Black Panther is easily one of Marvel's most powerful superheroes, and it is not just because of his Vibranium suit. Due to his connection with the 'Wakandan Panther God,' T'Challa (Black Panther) is given a number of enhanced abilities. He now has superhuman strength, speed, stamina, durability, agility, healing, reflexes, and senses. Like a panther in the wild, T'Challa can track a scent from far away and can identify almost anything simply by the essence it carries.
He also has riches that outmatch those of Tony Stark, weaponry that tops S.H.I.E.L.D (since the military of Wakanda is described as one of the strongest in the Marvel world), Intellect that could threaten the likes of Pym & Banner (He has a PhD in Physics from Oxford University) and he is the King, or chieftain, of Wakanda. He is royalty.
I love T’Challa. A badass futurist that isn’t a smarmy DB like Tony Stark. T’Challa is like if Marvel went full Bizzaroland and let Reed Richards and Namor have a lovechild.

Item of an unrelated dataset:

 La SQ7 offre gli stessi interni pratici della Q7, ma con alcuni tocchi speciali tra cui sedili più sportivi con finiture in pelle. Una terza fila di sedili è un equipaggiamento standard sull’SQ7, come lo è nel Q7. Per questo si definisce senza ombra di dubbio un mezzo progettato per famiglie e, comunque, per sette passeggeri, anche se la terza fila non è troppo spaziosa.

The folks over at Marvel are doing what they can to keep the King of Wakanda fresh in the minds of fans around the world. Marvel is bringing back Black Panther’s comic series, and it is written by none other than New York Times bestseller Ta-Nehisi Coates. Ta-Nehisi Coates is tying the comic books of his youth and the political philosophy at the heart of his editorial work into a single comic book series, Black Panther.
The fact that Coates is exploring why Wakanda still has a king even in the modern day is a great story. I mean, pretty much every first world nation has either gotten rid of their monarchy or made it merely a figurehead, so why would Wakanda be different? Why shouldn’t they have democracy.

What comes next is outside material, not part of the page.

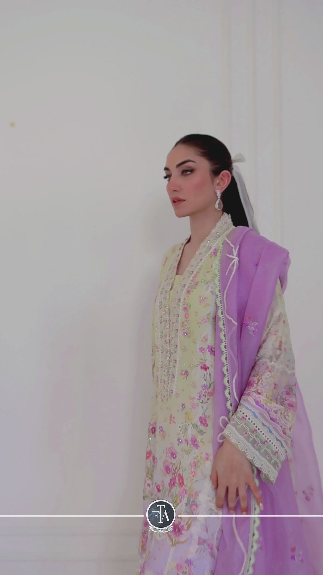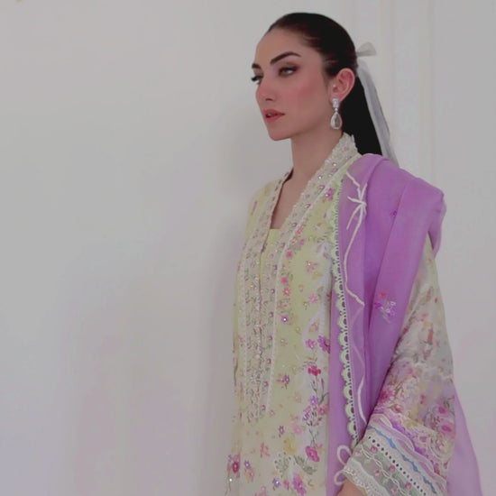 Infused with the signature FTA aesthetic, our new prints have the perfect pastel hues to set your heart aflutter!! Cut from sumptuous raw silk, the shirt is given a striking ombre treatment, with a fresh apple green that flows smoothly into a pale lilac. Romantic florals bloom daintily all over the shirt, making this an absolute must have. The relaxed, much loved silhouette has a universally flattering neckline, adorned with delicate hand-made floral motifs, pearls and sequins, add an easy timeless elegance comes with a lilac organza dupatta adorned with embroidered summer blooms and a playful border featuring bows, adding a graceful flair to the ensemble. Complete the look with our pure silk embroidered cutwork pants.

Christopher Priests run definitely used distinct groups/factions within Wakanda, though iirc, he preferred to use “clan” instead of “tribe.” There were several, though, and T’Challa had to maintain a delicate balance between them; for instance, the Dora Milaje were founded as a peace-keeping measure by having each tribe give the king a young woman as a potential consort. T’Challa wouldn’t actually marry any of them, using them instead as his bodyguards, but their equal placement close to the king would ensure each tribe/clan being represented. All of which could be relevant in Coates’ run, since his second issue’s description mentions the Midnight Angels, the other name for the Dora Milaje. Hopefully he can use his awareness to explore cultural complexities that often necessarily have to be reduced lest they muddle the narrative. Especially since a lot of Coates’ writing explores the idea of freedom and how it applies differently to the races. Very interesting dichotomy to explore in a nation that doesn’t have a race problem so to speak.

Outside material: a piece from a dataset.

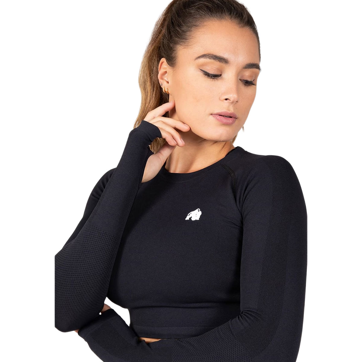 Consider the thumb holes: more than a convenience, they serve as an extension of the garment's ergonomic design, aligning with the natural anatomy of the hand and wrist to prevent bunching during dynamic actions like kettlebell swings or rope climbs. The mesh panels, typically made from a finer gauge of the same nylon-spandex mix, are laser-cut or ultrasonically bonded to avoid any seams, ensuring that breathability doesn't come at the cost of structural integrity. This level of detail positions the Hilton as a premium choice in the crowded market of athletic tops, where functionality meets fashion in a cropped, long-sleeve format that's both trend-forward and timeless.

I’m super-intrigued from The Atlantics' sampling to experience Coates’ writing. In his writing he aspires to a Gen-X channeling of both the movement writers of the 60's and the Harlem renaissance writers of the 30's, so this aspiration should yield something pretty interesting. Echoing the ongoing civil struggles in several African nations over resource exploitation is a great idea, even if it is problematic that in this case, it’s a king rather than a corrupt warlord or general.
Coates explained his motivation and aspirations for the series, which turns 50 this year, in that same essay in The Atlantic , which accompanied a preview for the first part of the 11-issue run he’s authoring (with art by Brian Stelfreeze). Google that essay, Add 'Black Panther' to your hold. This series is going to be one for the ages.